• **Saved data entries**
+++

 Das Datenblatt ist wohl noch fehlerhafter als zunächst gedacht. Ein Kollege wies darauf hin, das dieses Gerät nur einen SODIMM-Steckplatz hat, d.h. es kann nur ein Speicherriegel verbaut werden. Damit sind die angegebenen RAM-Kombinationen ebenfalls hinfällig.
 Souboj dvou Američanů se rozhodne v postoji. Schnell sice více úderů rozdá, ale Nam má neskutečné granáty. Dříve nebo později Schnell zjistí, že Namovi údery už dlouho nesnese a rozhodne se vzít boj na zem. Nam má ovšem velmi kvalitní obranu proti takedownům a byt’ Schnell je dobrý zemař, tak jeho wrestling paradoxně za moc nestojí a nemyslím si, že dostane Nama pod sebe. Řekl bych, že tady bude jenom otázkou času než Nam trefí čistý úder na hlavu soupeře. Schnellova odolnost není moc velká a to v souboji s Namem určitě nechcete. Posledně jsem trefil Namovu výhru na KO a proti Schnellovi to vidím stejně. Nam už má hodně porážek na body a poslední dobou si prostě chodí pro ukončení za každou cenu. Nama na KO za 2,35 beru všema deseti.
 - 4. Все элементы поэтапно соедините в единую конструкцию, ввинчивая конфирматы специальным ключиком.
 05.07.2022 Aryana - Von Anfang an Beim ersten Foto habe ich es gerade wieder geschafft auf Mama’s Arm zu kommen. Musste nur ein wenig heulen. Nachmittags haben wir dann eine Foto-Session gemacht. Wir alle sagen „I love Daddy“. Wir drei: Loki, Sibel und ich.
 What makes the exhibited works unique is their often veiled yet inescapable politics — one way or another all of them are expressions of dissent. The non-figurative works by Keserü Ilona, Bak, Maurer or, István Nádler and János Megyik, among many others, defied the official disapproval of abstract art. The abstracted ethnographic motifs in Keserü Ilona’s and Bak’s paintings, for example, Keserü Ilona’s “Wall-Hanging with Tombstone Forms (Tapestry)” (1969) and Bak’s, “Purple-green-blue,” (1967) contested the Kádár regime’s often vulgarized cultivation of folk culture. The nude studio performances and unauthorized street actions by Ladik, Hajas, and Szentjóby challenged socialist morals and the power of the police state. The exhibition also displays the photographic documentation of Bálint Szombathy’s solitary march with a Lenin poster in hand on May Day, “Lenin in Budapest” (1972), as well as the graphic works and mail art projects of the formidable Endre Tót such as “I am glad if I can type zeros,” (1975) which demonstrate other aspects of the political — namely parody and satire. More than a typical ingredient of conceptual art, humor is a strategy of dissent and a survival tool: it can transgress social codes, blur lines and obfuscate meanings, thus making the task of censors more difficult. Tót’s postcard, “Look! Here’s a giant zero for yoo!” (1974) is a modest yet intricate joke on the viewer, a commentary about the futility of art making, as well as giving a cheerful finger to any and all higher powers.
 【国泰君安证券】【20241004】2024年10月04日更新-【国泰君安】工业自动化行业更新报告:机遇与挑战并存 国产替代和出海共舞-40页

+++

• **Task to carry out**
The answer must be an exact copy of the lines from the one containing "05.07.2022 Aryana - Von" through the last line of the records, both included.

• **Solution for this problem**
 05.07.2022 Aryana - Von Anfang an Beim ersten Foto habe ich es gerade wieder geschafft auf Mama’s Arm zu kommen. Musste nur ein wenig heulen. Nachmittags haben wir dann eine Foto-Session gemacht. Wir alle sagen „I love Daddy“. Wir drei: Loki, Sibel und ich.
 What makes the exhibited works unique is their often veiled yet inescapable politics — one way or another all of them are expressions of dissent. The non-figurative works by Keserü Ilona, Bak, Maurer or, István Nádler and János Megyik, among many others, defied the official disapproval of abstract art. The abstracted ethnographic motifs in Keserü Ilona’s and Bak’s paintings, for example, Keserü Ilona’s “Wall-Hanging with Tombstone Forms (Tapestry)” (1969) and Bak’s, “Purple-green-blue,” (1967) contested the Kádár regime’s often vulgarized cultivation of folk culture. The nude studio performances and unauthorized street actions by Ladik, Hajas, and Szentjóby challenged socialist morals and the power of the police state. The exhibition also displays the photographic documentation of Bálint Szombathy’s solitary march with a Lenin poster in hand on May Day, “Lenin in Budapest” (1972), as well as the graphic works and mail art projects of the formidable Endre Tót such as “I am glad if I can type zeros,” (1975) which demonstrate other aspects of the political — namely parody and satire. More than a typical ingredient of conceptual art, humor is a strategy of dissent and a survival tool: it can transgress social codes, blur lines and obfuscate meanings, thus making the task of censors more difficult. Tót’s postcard, “Look! Here’s a giant zero for yoo!” (1974) is a modest yet intricate joke on the viewer, a commentary about the futility of art making, as well as giving a cheerful finger to any and all higher powers.
 【国泰君安证券】【20241004】2024年10月04日更新-【国泰君安】工业自动化行业更新报告:机遇与挑战并存 国产替代和出海共舞-40页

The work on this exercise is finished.